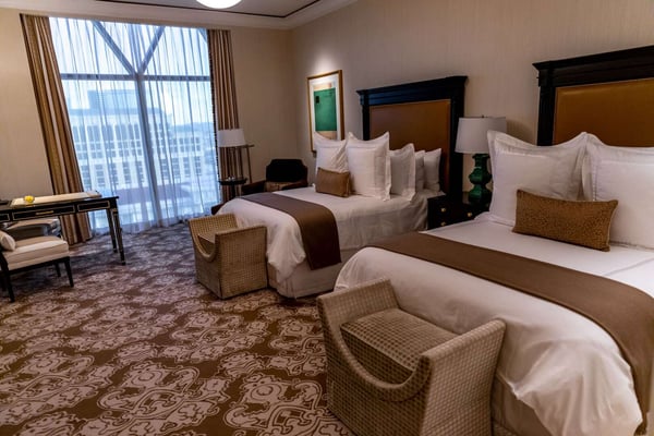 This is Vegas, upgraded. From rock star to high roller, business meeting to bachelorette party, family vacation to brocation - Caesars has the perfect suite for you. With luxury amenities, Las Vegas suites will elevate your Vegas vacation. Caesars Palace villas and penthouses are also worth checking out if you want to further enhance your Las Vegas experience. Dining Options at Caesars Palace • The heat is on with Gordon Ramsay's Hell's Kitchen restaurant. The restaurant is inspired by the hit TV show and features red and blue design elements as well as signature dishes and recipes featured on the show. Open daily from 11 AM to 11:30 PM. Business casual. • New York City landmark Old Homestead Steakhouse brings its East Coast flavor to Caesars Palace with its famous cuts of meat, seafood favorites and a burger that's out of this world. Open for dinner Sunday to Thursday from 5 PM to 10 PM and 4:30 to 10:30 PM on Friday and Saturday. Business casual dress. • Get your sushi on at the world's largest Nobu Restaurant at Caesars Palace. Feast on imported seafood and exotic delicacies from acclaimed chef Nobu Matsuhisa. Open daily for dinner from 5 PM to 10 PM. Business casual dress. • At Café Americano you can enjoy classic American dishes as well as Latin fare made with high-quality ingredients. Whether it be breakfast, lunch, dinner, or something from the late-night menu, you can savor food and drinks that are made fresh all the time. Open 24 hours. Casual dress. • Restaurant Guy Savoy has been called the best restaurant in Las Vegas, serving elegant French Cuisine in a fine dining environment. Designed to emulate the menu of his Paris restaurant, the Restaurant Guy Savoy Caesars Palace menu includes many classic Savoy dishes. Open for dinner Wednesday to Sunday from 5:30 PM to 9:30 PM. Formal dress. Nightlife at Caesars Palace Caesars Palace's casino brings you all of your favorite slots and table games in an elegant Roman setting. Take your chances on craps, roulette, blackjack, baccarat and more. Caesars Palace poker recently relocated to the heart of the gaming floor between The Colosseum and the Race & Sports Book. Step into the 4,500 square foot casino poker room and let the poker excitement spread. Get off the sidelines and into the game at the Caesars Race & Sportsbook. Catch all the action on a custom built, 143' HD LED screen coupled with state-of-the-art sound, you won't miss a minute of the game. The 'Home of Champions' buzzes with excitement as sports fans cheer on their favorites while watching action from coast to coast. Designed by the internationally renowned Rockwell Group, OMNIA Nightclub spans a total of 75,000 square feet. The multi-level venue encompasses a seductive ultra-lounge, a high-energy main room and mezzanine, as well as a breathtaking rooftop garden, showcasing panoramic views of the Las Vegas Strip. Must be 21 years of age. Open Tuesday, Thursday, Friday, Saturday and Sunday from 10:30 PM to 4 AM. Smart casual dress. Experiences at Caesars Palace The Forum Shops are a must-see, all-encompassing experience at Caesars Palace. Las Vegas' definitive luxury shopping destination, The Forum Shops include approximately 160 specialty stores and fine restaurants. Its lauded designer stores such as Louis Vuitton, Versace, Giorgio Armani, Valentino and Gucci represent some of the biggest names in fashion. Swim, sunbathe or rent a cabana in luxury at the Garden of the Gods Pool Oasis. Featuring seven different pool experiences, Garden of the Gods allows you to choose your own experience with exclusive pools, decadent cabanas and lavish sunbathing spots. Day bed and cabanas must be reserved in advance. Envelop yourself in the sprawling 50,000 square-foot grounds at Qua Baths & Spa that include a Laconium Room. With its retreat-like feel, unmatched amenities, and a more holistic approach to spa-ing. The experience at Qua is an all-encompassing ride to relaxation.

--*--

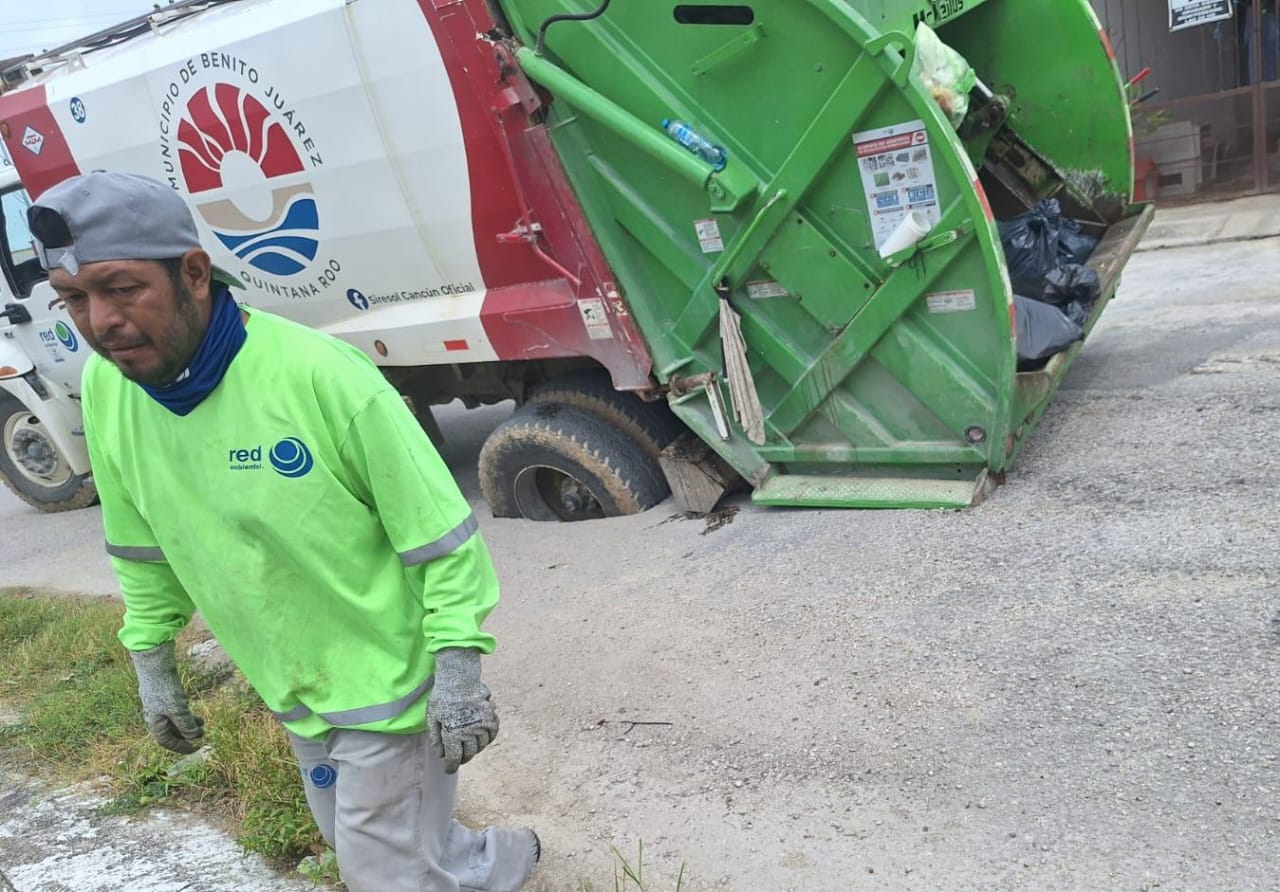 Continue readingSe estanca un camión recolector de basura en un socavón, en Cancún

--*--

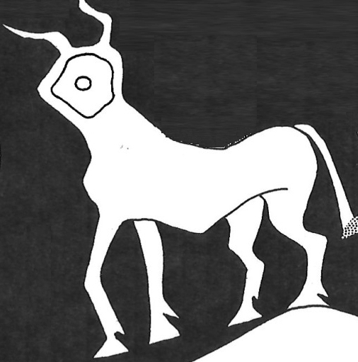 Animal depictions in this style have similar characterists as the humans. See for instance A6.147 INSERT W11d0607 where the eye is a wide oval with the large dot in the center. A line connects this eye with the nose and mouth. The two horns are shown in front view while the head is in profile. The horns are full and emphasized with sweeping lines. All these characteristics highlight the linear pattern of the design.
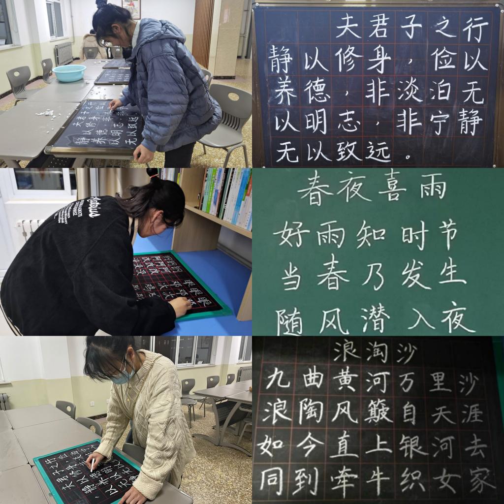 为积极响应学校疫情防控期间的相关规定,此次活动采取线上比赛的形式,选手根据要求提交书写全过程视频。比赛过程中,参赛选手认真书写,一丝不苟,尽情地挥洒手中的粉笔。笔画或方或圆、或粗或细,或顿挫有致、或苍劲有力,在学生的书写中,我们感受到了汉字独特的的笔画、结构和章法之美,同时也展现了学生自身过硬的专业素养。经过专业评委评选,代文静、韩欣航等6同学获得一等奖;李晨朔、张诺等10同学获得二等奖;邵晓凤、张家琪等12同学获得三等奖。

--*--

- **WHAT YOU WILL DO**: Copy only what runs above from the line containing "Animal depictions in" through the line containing "为积极响应学校疫情防控期间的", exactly. Leave out the pictures.

- **TASK SOLUTION**:
 Animal depictions in this style have similar characterists as the humans. See for instance A6.147 INSERT W11d0607 where the eye is a wide oval with the large dot in the center. A line connects this eye with the nose and mouth. The two horns are shown in front view while the head is in profile. The horns are full and emphasized with sweeping lines. All these characteristics highlight the linear pattern of the design.
 为积极响应学校疫情防控期间的相关规定,此次活动采取线上比赛的形式,选手根据要求提交书写全过程视频。比赛过程中,参赛选手认真书写,一丝不苟,尽情地挥洒手中的粉笔。笔画或方或圆、或粗或细,或顿挫有致、或苍劲有力,在学生的书写中,我们感受到了汉字独特的的笔画、结构和章法之美,同时也展现了学生自身过硬的专业素养。经过专业评委评选,代文静、韩欣航等6同学获得一等奖;李晨朔、张诺等10同学获得二等奖;邵晓凤、张家琪等12同学获得三等奖。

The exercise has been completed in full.